Careful tracking of the kinks in microscopic chains helped Professor Sibani Lisa Biswal, left, and Rice graduate student Dichuan Li quantify Brownian-induced axial spin of the particles. Photo: Jeff Fitlow/Rice Univ. |
Rice Univ. researchers have created a method
to measure the axial rotation of tiny rods.
Sibani Lisa Biswal, an assistant professor in chemical and biomolecular
engineering, said it’s easy to view microscopic rods as they wiggle and weave
under the influence of Brownian forces. But it’s never been easy to see one
spin along its axis, let alone measure that motion.
The technique created by Biswal and her team involves micron-scale rigid
chains in liquid that act like perfect cylinders as they exhibit Brownian
motion. But the rod-like chains incorporate the slightest of imperfections.
These nearly invisible “kinks” are just big enough to the measure the
chain’s rotation without influencing it.
Knowing how elongated molecules move in a solution is important to those who
study the structure of liquid crystals or biological processes like the
dynamics of lipid bilayers, Biswal said.
The research follows her lab’s creation of a technique to build stiff chains
of particles that mimic rod-like polymer or biological molecules. Using them
like Legos, the lab assembles chains from DNA-grafted paramagnetic polystyrene
particles, which line up when exposed to a magnetic field and link together
where the strands of DNA meet.
The result looks like a string of beads. Depending on the length and type of
the DNA linkers, the rods can be stiff or flexible.
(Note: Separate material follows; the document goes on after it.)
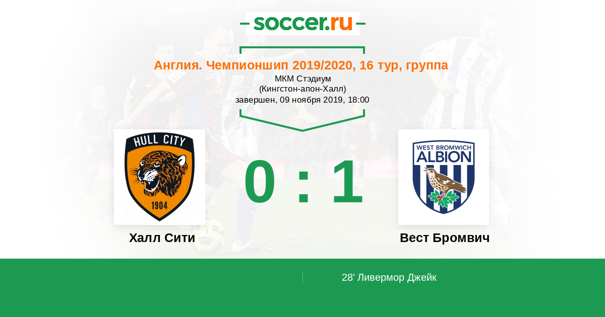 Протокол матча Халл Сити против Вест Бромвич
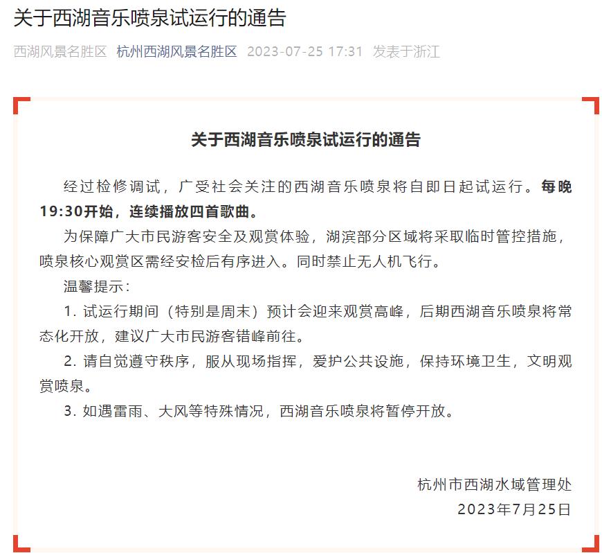 杭州西湖景区:西湖音乐喷泉将自7月25日起试运行,每晚19:30开始,连放四首歌曲

Slight variations in the
paramagnetic properties of each particle account for the kinks. “We can
make them robust; we can make them stable,” Biswal said. “Now we’re
actually using them as a model for polymer chains.”
It’s long been known that stiff rods in a solution rotate as they dance and
are pushed by the atoms around them. Nearly two centuries ago, Robert Brown observed
the rotation of flat arsenic trioxide flakes but had no way to characterize
that motion. While Albert Einstein and others have since made progress in
applying formulas to Brownian motion, the particulars of rotation have remained
a relative mystery.
Dichuan Li, a graduate student in Biswal’s lab, was inspired to look at
rotation after reading Brown’s 1827 report in a classic-paper reading club.
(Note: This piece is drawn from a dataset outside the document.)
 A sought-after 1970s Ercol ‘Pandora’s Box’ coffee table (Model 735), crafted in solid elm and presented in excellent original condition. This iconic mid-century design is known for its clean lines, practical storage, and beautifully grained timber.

“He noticed what he thought must be axial rotation, but he wasn’t able to
measure how fast it was moving,” Li said.
The new method is the first systematic approach to measuring the axial
rotation of particles, he said. Once chains are formed, the magnetic field is
released and the chains are free to move in a solution between two cover
plates. Li isolated and filmed the structures as they twisted, and he later
analyzed the kinks to quantify the chains’ motion.
The finding opens a door to further study of longer or more complex polymer
or biological chains, Biswal said. She said the paramagnetic beads could be
used to model rods of varying stiffness, “even more flexible structures
that can actually curve and bend, just like DNA, or branch-like structures.
Then we can apply forces to them and see what happens.”
Biswal hopes to take a closer look at how polymers entangle in materials of
varying density. “How they’re stabilized by entanglement is not well understood,”
she said. “We’re moving toward being able to create not just single chains
for study, but large collections of these chains to see if they provide good
models to look at things like entanglement.”
The technique is detailed in a paper that appears in Physical Review Letters.